I noted in the first post in this mini series that the original “can you just add in links to the OS post code data” task threw up some surprises and extra issues that needed attention. In particular, the data used in the Research Funding Explorer used a very simple data model that assumed a single location for each participating business. If you ask the SPARQL service to DESCRIBE <http://business.data.gov.uk/id/company/1996687> you’ll see that <http://business.data.gov.uk/id/company/1996687> identifies BAE Systems which has, among others, 9 rdfs:label properties, 12 addressLine1 properties, and that BAE Systems is located in the counties of Bristol, Essex, Hants, Kent, Lancashire and Lancashires!
Oh boy, this is going to take some sorting out. And because the data for the multiple locations of BAE systems is all mashed in together, we’re going to need to sort it out by hand and with reference to BAE’s Web site to find out which address line 2 goes with which address line 1 and so on. This is where the organisation ontology really comes in to its own. It models the concept of a single legal entity with a formal name and an informal one (using the well-known skos:preLabel and skos:altLabel properties) and of things like a primary site and other sites (org:hasPrimarySite and org:hasSite respectively). Then you can say something about each of those sites including giving its address – for which the ontology requires the use of VCard.

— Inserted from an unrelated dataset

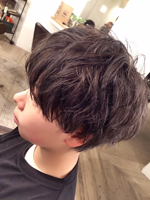 さらにカラーで透明感のある暗髪にして、ちょうどクセっ毛だったのでパーマっぽく仕上げました(^^)

I am not alone in disliking VCard. The RDF encoding created by Harry Halpin et al is a very good encoding of VCard itself but that’s not to say it’s a good encoding of addresses! I raised a question on the Linked Open data mailing list about this. Follow the thread if you like but what comes out, as ever, is that existing implementation and re-use of vocabularies beats fitness for purpose every time. In other words, many people agree that VCard is not a good model for addresses (at least, for non-US addresses), however, it’s what is widely used and therefore it’s what everyone uses. The org ontology is right for modelling organisations so I wanted to use it, but I used the VCard ontology with some reluctance. Be that as it may, I ended up with a much better model of, for example, BAE systems:
@prefix rdf: <http://www.w3.org/1999/02/22-rdf-syntax-ns#> .
@prefix skos: <http://www.w3.org/2004/02/skos/core#> .
@prefix foaf: <http://xmlns.com/foaf/0.1/> .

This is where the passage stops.